At the same time, P&G and PepsiCo more heavily tilted their campaign contributions to favor Republicans, both at the presidential and congressional levels. P&G, for example, splits its contributions almost evenly among Republicans and Democrats in the early 1990s, but from 1996-2000, more than 80% of its contributions went to Republicans — the opposition party.
Is it any surprise that the Bush-era FDA changed its ruling on the need for a warning label?
Perhaps as a thank you, each company favored Republicans in their 2004 contributions.
With the warning label obstacle overcome, sales began to turnaround.
But sales for Frito-Lay sharply increased a year later, when the company changed its products name from Wow! to "Light," a move CSPI says "was designed to intentionally deceive people into thinking that the product was an entirely new olestra-free lower-calorie chip."
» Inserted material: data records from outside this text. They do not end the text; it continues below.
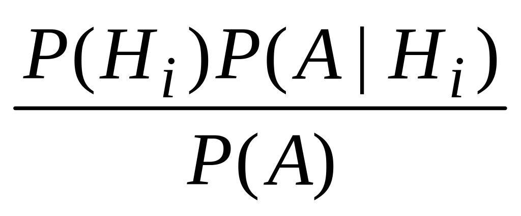 Тогда любое рассматриваемое событие A может произойти только одновременно с осуществлением одной из гипотез H1, H2,…, Hn. То есть A = A H1 A H2 … A Hn. Поскольку события A H1, A H2,…, A Hn – несовместны, P(A) = P(A H1) + P(A H2) + … + P(A Hn). Применив теорему умножения вероятностей, можно записать: P(A Hi) = P(Hi)P(A|Hi).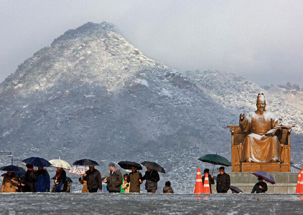 중부와 경북 내륙 곳곳에 올겨울 첫 대설주의보가 내려진 12월 3일 오전, 북악산을 배경으로 서울 광화문광장 일대에 눈이 내리고…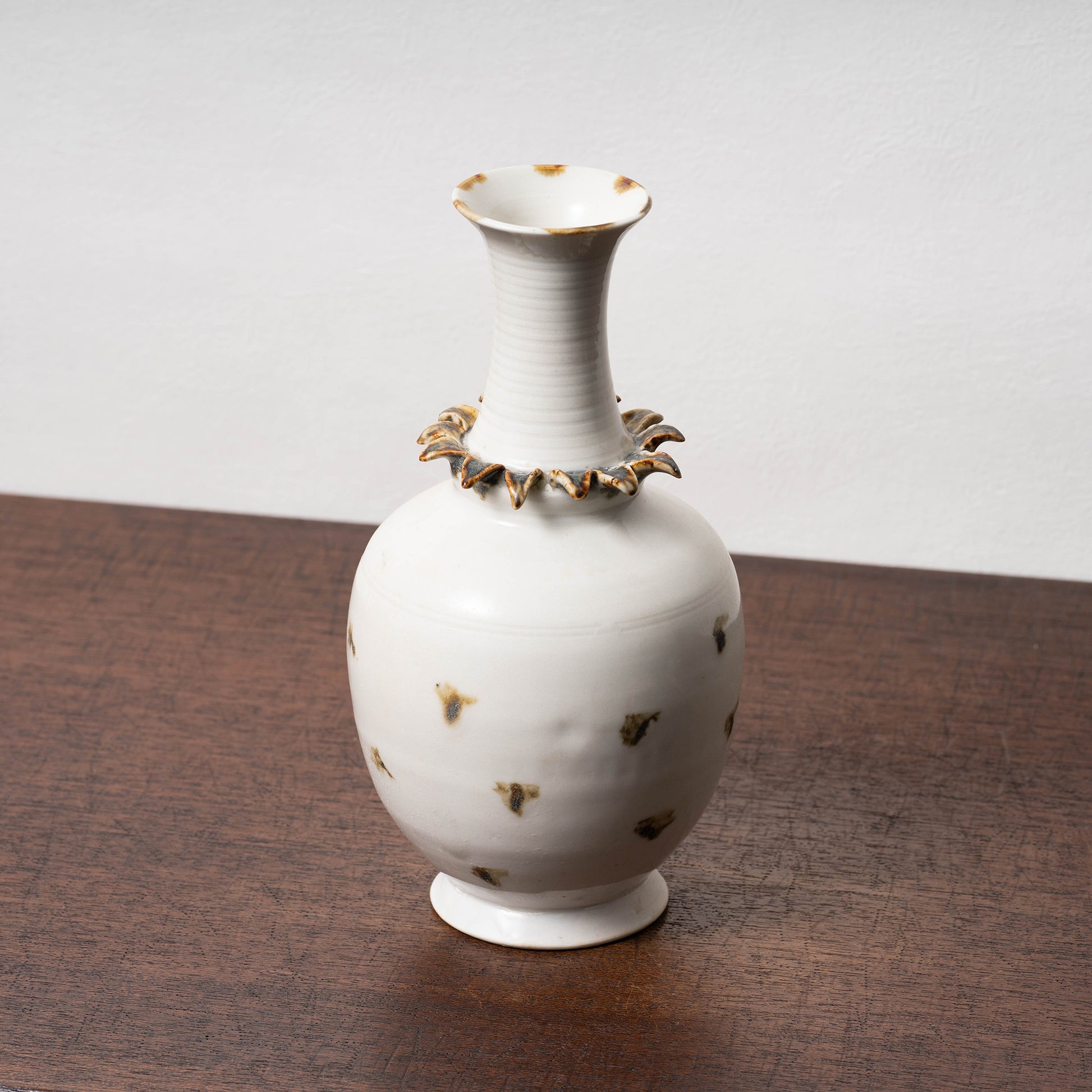 唐代 邢州窯 白釉鉄斑草飾瓶

It's because of the perceived deception that CSPI is undertaking its lawsuit. Chips in Frito-Lay’s “Light” line include Doritos Light, Lay’s Light original and barbecue, Ruffles Light original and cheddar and sour cream, and Tostitos Light.
P&G continues to use the Fat Free Pringles name. Two other chip makers, Herr’s and Utz, dropped their olestra chips. Canada and the United Kingdom both rejected the use of olestra.
Even in consumer-friendly Massachusetts, the CSPI lawsuit is a longshot.
Edgar Dworsky, a former consumer attorney with the Massachusetts attorney general's office, said the FDA's decision in 2003 to do away with the olestra health warning would seem to protect Frito-Lay from any legal action. ''I think the case is sunk," he told the Boston Globe.
But at least somebody is trying to look out for consumers, and take a stand against the Bush Administration's corporate-at-any-price approach.